Постой, постой, не здесь ли отгадка! Ведь есть люди, которым я ни разу, нисколько, ни в каких уголках души не завидовал.
Как хорошо — даже отлегло от сердца. Я их люблю — поэтому не завидую!
И, может, каждый раз, когда я почувствую зависть к кому-нибудь, надо постараться сосредоточиться мысленно не на себе — на нем, постараться полюбить его! Может, это подавит зависть и принесет облегчение!
Отчего мне всюду совать себя, примысливать себя к каждому положению!
Походил по комнате, вспомнил все случаи, когда я испытывал зависть, такие случаи, что и написать о них невозможно, попытался мысленно полюбить тех людей, которым завидовал, и обнаружил, что это вполне возможно, но не для меня. Я не способен любить, я никогда не люблю. Никого не хочу видеть, такая пустота в душе. Лечь бы, отвернуться к стене, накрыться с головой — и не двигаться...
О СОВЕСТИ
Что же это такое! Я ни в чем не пошел против совести, и все же она меня грызет.
Но что такое совесть! Откуда она знает, что плохо, а что нет, почему не умолкает, мучит!
Пойдем от обратного. Представим себе, что совести нет. Человек ли я! Конечно, нет.
Ага, понятно: совесть — это все человечное, что есть во мне. Да, верно, это правильная мысль. Совесть — это сгусток человечности в душе. Люди должны были совершить миллионы благородных поступков, миллионы раз жертвовать своей жизнью, чтобы наша совесть знала о благородстве и бескорыстии. Люди совершили миллионы подлостей, предательств, воровали, убивали — и наша совесть знает, что значит красть, убивать, предавать и подличать.
Все, что я знаю и не знаю, все, что было с человечеством, —все во мне, хочу я этого или не хочу, все — моя совесть. Физическое существо, человек, носящий мое имя, то есть я, может делать гадости, но моя совесть не может. Она страдает и вовлекает меня в свои страдания.
Совесть — именно то, что делает меня человеком, сгусток человечности во мне. Но ведь у собаки тоже совесть есть! Или, может, это от общения с человеком!
А, вот как интересно выходит. Не знаю, как насчет собак, но у людей совесть появляется именно от общения друг с другом, в результате общения. Совесть — это что-то общественное во мне. Совесть — моя, но она не только моя, она общественная. Сгусток общественного во мне. То, что делает меня частицей общества, то есть человеком.

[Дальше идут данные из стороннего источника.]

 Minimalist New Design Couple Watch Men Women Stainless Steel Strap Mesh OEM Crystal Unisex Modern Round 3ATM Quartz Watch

Нет, нет, не так, я самого главного не уловил. Совесть— это не просто человечное во мне, это боль за человечество, за людей! Совесть — это боль в душе!
Когда совестно! Когда кому-то причинил боль, когда от моего действия или бездействия кому-то больно. Если бы не было совести, люди не знали
бы, что другим бывает больно. Совесть — чужая боль во мне, боль за других. Стыд— боль за себя (хотя и говорят «мне за него стыдно», но это перенос). Совесть — боль за других.

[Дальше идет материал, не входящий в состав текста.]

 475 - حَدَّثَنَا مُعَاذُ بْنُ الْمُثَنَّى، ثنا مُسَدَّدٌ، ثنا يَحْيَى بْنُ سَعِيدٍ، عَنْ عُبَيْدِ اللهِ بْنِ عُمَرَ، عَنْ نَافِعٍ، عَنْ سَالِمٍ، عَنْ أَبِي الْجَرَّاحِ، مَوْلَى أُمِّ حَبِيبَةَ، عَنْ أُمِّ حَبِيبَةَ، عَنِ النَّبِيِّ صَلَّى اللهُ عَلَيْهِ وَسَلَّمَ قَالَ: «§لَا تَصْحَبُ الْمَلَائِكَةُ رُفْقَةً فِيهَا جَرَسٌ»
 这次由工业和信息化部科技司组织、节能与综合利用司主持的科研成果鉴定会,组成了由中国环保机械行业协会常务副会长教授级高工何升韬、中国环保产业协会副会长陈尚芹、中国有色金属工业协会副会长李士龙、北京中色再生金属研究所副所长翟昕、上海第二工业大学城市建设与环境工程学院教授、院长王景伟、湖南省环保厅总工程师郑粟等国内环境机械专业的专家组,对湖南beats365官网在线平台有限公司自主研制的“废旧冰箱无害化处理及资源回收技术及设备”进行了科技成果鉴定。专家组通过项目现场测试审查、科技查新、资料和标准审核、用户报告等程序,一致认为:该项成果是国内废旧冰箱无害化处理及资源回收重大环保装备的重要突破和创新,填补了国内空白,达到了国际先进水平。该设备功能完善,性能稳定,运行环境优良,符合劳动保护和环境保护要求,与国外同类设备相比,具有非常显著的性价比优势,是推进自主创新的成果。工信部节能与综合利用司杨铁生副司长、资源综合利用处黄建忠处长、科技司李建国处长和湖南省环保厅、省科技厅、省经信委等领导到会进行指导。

Так что же выходит, поступать против совести, не слушать ее угрызений — значит идти против себя и против общества?
Ох, кажется я понял простую вещь. Да ведь надо делать лишь одно: доверять своей совести, полагаться на нее и следовать своей совести! Радостно подчиняться своей совести и отказываться от всякого шага, если он против совести. Так легко! Мол, рад бы, да не могу.
Сколько раз я себя подводил, не счесть, а совесть моя— не подводит. Она исправно делает свое дело: грызет. Да к чему это говорят: «неподкупная совесть», «не идет против совести», за что это хвалят совестливых? Это же самое простое и легкое — во всем следовать совести. Это почти беззаботная жизнь!